= SUPPLIED ENTRIES =
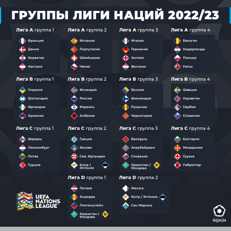 Лига наций стартует в июне 2022 года. Ниже представлены итоги жеребьевки всех групп турнира.
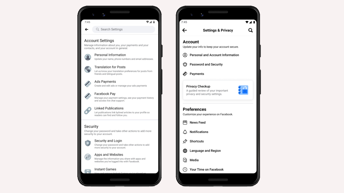 «Мы переработали все меню настроек на мобильных устройствах, чтобы упростить поиск. Вместо того, чтобы размещать настройки на почти 20 разных экранах, теперь они доступны из одного места », — сказано в новости Facebook.
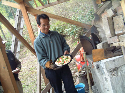 早く食べたくて見守る面々風情のある釜は味を保証してくれる
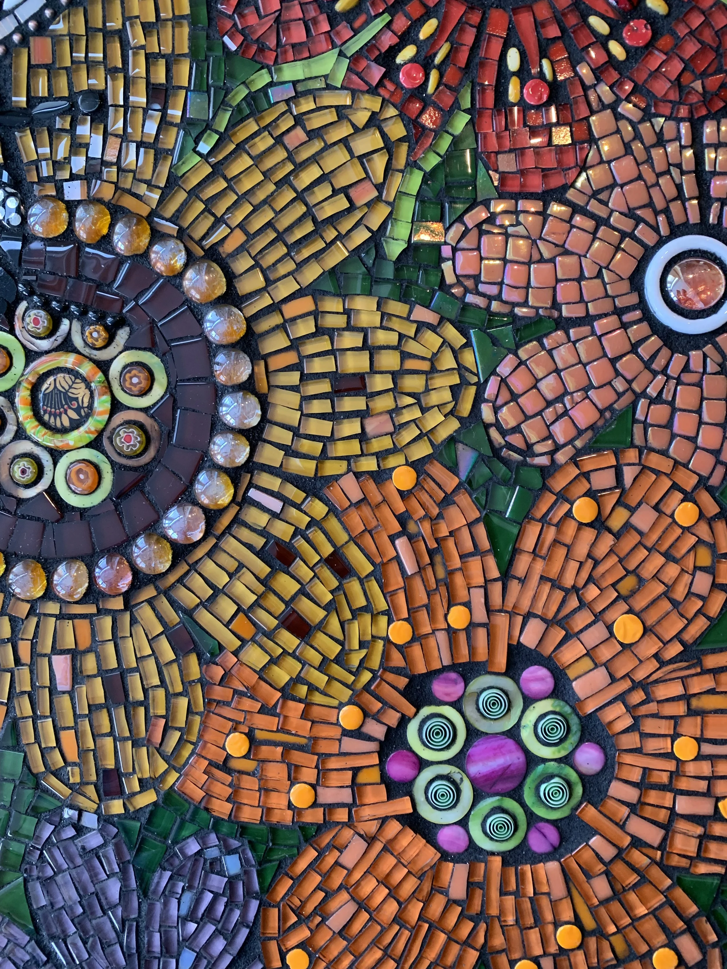 The majority of my mosaics are made from cut glass tile. Although care is given to make sure your art is safe to touch, please handle with care when hanging or dusting.
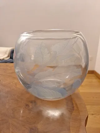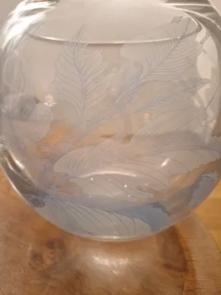Elegante vaso in vetro trasparente con decorazioni a forma di piuma. - Materiale: Vetro soffiato - Design: Decorazione a piuma stilizzata - Colore: Trasparente con dettagli azzurri/grigi
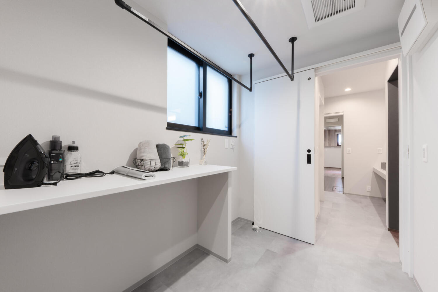 - 「洗って・干して・仕舞う」の動きもスムーズに。 回遊動線は日々の忙しい家事を楽にしてくれて、 家族との時間がもっと豊かになる間取り。
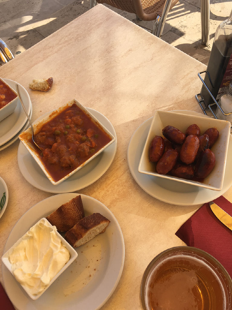 Anyway, not now. We drive back to S’Arraco and I’m glad to not have to sit in this car much more. At the village we quickly drop stuff off, get changed, and go back out for dinner. It’s more tapas and beer - including an 8% bad boy marzen - at the bar we’d popped into just before midnight on Sunday.
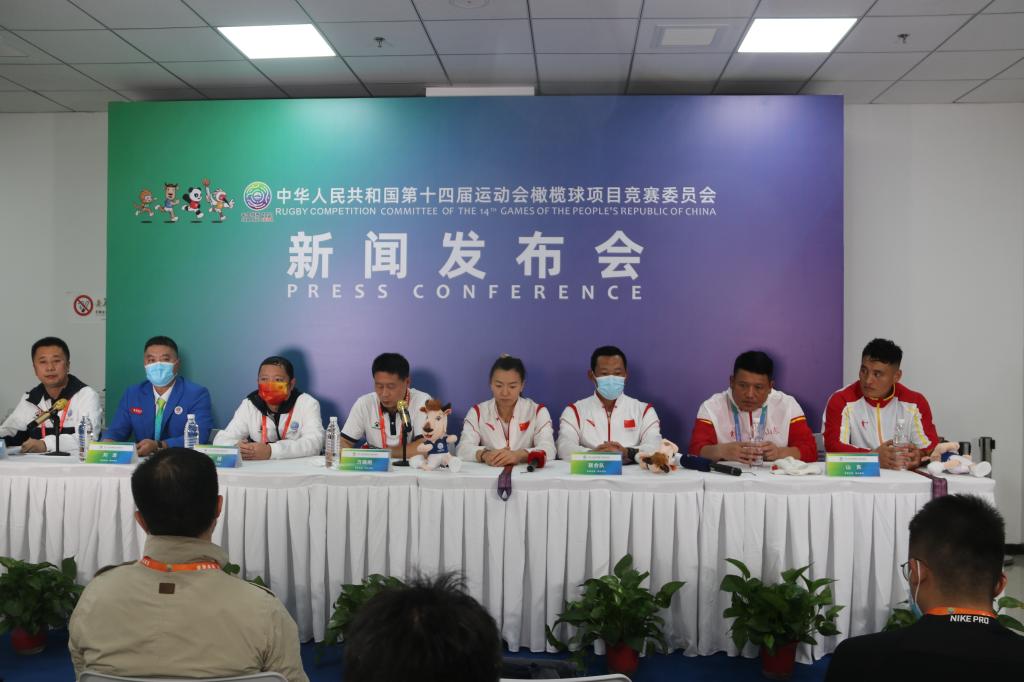 在记者提问环节,记者就联合队队员们在赛场上面临的困难向陆专和陈可怡进行了提问。他们回答,因橄榄球比赛的竞争性、激烈性与对抗性,队员们需要具备强大的团队沟通能力。本届全运会橄榄球比赛虽受天气影响,但在训练和比赛前制定了具体的措施和应对方案。

= EXERCISE BRIEF =
In the material above, one part opens with the line containing "早く食べたくて見守る面々風情のある釜は味を保証してくれる" and closes with the line containing "Anyway, not now.". Write out that part exactly and skip its pictures.

= RESPONSE TO THIS TASK =
 早く食べたくて見守る面々風情のある釜は味を保証してくれる
 The majority of my mosaics are made from cut glass tile. Although care is given to make sure your art is safe to touch, please handle with care when hanging or dusting.
Elegante vaso in vetro trasparente con decorazioni a forma di piuma. - Materiale: Vetro soffiato - Design: Decorazione a piuma stilizzata - Colore: Trasparente con dettagli azzurri/grigi
 - 「洗って・干して・仕舞う」の動きもスムーズに。 回遊動線は日々の忙しい家事を楽にしてくれて、 家族との時間がもっと豊かになる間取り。
 Anyway, not now. We drive back to S’Arraco and I’m glad to not have to sit in this car much more. At the village we quickly drop stuff off, get changed, and go back out for dinner. It’s more tapas and beer - including an 8% bad boy marzen - at the bar we’d popped into just before midnight on Sunday.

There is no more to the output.